Kitchen Hub, a two-year-old Toronto company that brings together “celebrated restaurants” using the increasingly popular ghost kitchen concept, has opened its fourth location, this time inside a Longo’s store in the city’s Liberty Village neighbourhood. It is being billed as the first ghost kitchen to open inside a Canadian grocery store.
The store-within-store concept features a full menu of items from the Thai restaurant PAI, as well as Montreal’s Mandy’s Gourmet Salads, the fast-growing fried chicken and burger joint Cabano’s Comfort Food, and the Mexican spot Tecolote.
Customers can mix-and-match items from any of the four restaurants, and can also add grab-and-go offerings from The Cheesecake Factory Bakery and Elle Dee Bakery, as well as ready-to-eat items from the Longo’s kitchen, including pizza, sushi, salads and whole roasted chickens.
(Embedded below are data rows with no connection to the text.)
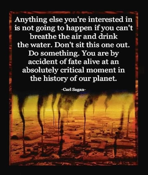 Et comme l’affirme ici Carl Sagan: on va peut-être réaliser qu’on ne pourra rien faire si on ne peut respirer l’air ni boire l’eau. On ne peut rester assis.e à ne rien faire, on doit prendre part à ce qui se passe. Nous sommes destiné.e.s à vivre en ces temps critiques de l’histoire de notre planète.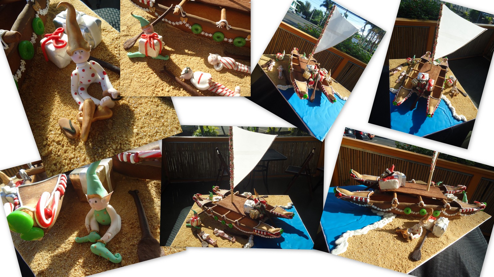 | Description: A double hull gingerbread canoe with a wafer paper sale and sugar paste elves and Santa. All items except for the mast are edible!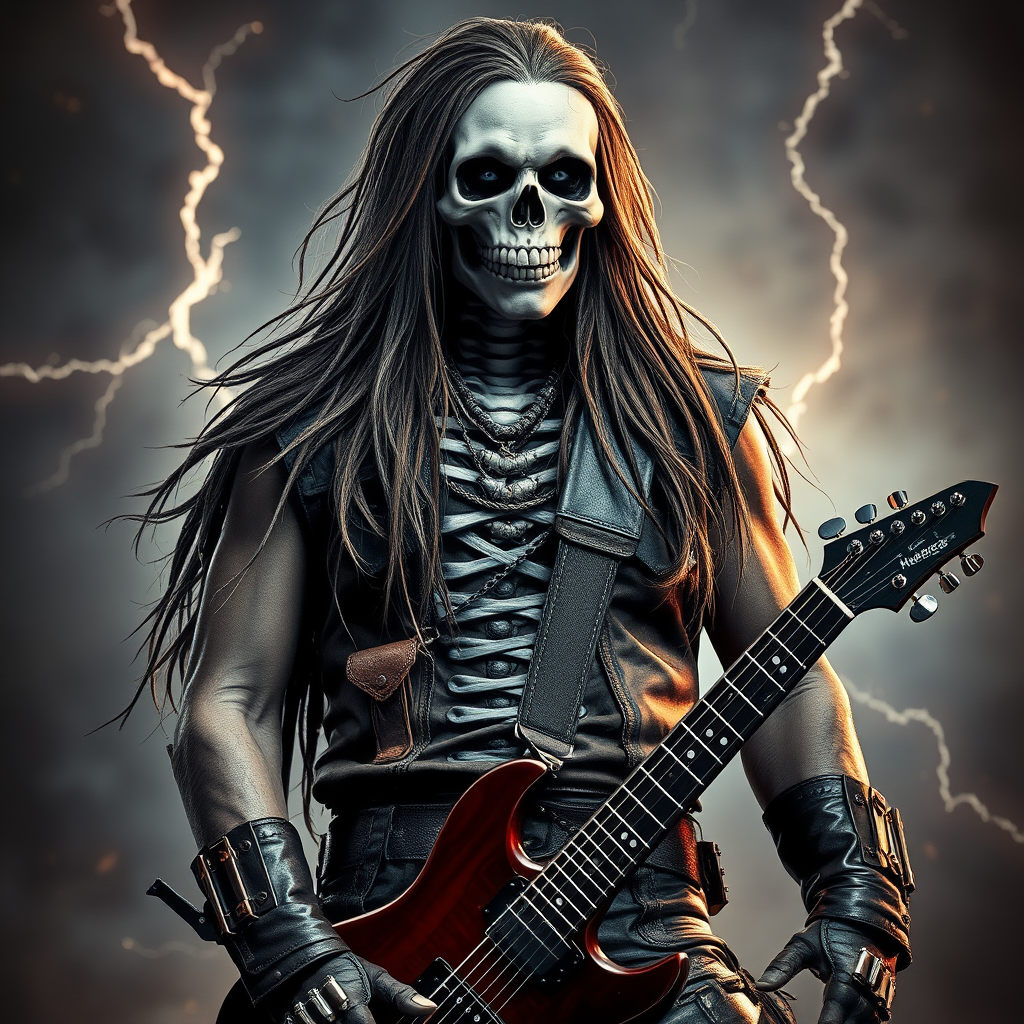 Portrait of a Metal Guitar Icon: A formidable skeleton-faced hero adorned in rugged leather attire, with cascading locks of hair that reach beyond the shoulders, exuding a mystical aura. The character stands amidst an electrifying backdrop, embodying the spirit of heavy metal with a dramatic stance and intense gaze, capturing the essence of raw energy and rebellion.
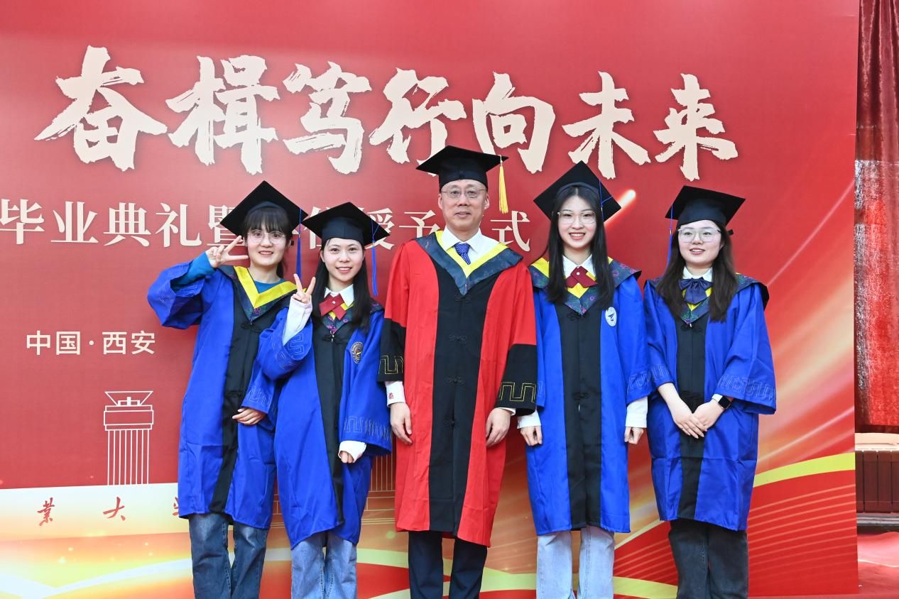 典礼将近尾声,拨穗正冠仪式正式开始。同学们纷纷上台,领取证书,并与老师们合影留念。老师和学生们脸上都洋溢着温暖的笑容,这份感动和温馨将成为毕业生们永远难忘的记忆。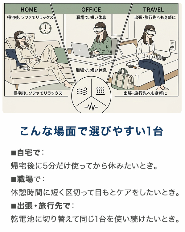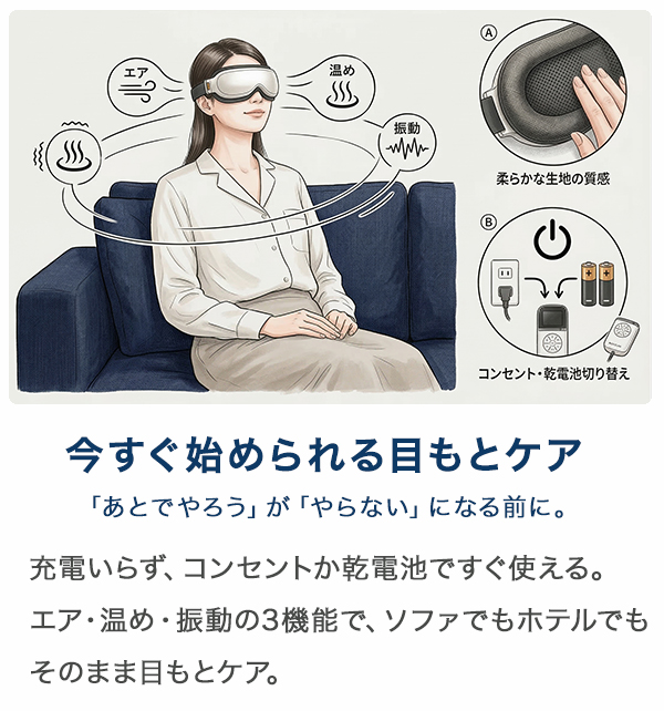 充電いらず、コンセントか乾電池ですぐ使える。エア・温め・振動の3機能で、ソファでもホテルでもそのまま目もとケア。

Longo’s and Kitchen Hub say it is the beginning of a longer-term relationship.
“Partnering with Kitchen Hub gives us a very unique opportunity to provide meal solutions, quality food options and convenience to our guests,” says Longo’s vice-president of merchandising, Joey Bernaudo. “We’re continually looking for ways to innovate and meet evolving shopping needs, and are proud to partner with companies that can help us do that.”
Longo’s operates 36 stores around Toronto and Hamilton, but Bernaudo says the Liberty Village location was selected for the Kitchen Hub debut because the neighbourhood’s residents are predisposed towards restaurant experiences and “eclectic” food options, “which showed us that our store location was a natural fit for Kitchen Hub.”
Bernaudo says Longo’s plans to test the concept and gather feedback from both guests and employees. “We can take those learnings and apply them to potential opportunities in the future,” he says.
He says that having Kitchen Hub operating from the Liberty Village locations provides customers with an abundance of high-quality, ready-to-eat meal options, “which we know the community is looking for.” The diversity of food items available at the store, he adds, means more choices and convenience for shoppers.
While the idea of ghost kitchens in grocery stores is still relatively new, the idea is being adopted by grocery retailers like Kroger in the United States. This year, the ghost kitchen company Kitchen United opened its 10th location inside a Ralph’s supermarket near the UCLA campus in Los Angeles, which was followed by the opening of additional locations inside Kroger stores in Houston and Dallas.
The two companies first announced their partnership last year, with Kroger’s group vice-president of fresh merchandising Dan De La Rosa saying at the time that its customers’ demand for fresh, on-demand meals “continues to accelerate.” The companies said that the off-premise restaurant kitchen would feature as many as six local, regional or national restaurant brands.
Kitchen United raised US$100 million in funding this year from a group of investors that included Kruger, Restaurant Brands International, and the convenience store operator Alimentation Coche-Tard, bringing its total funding to US$175 million.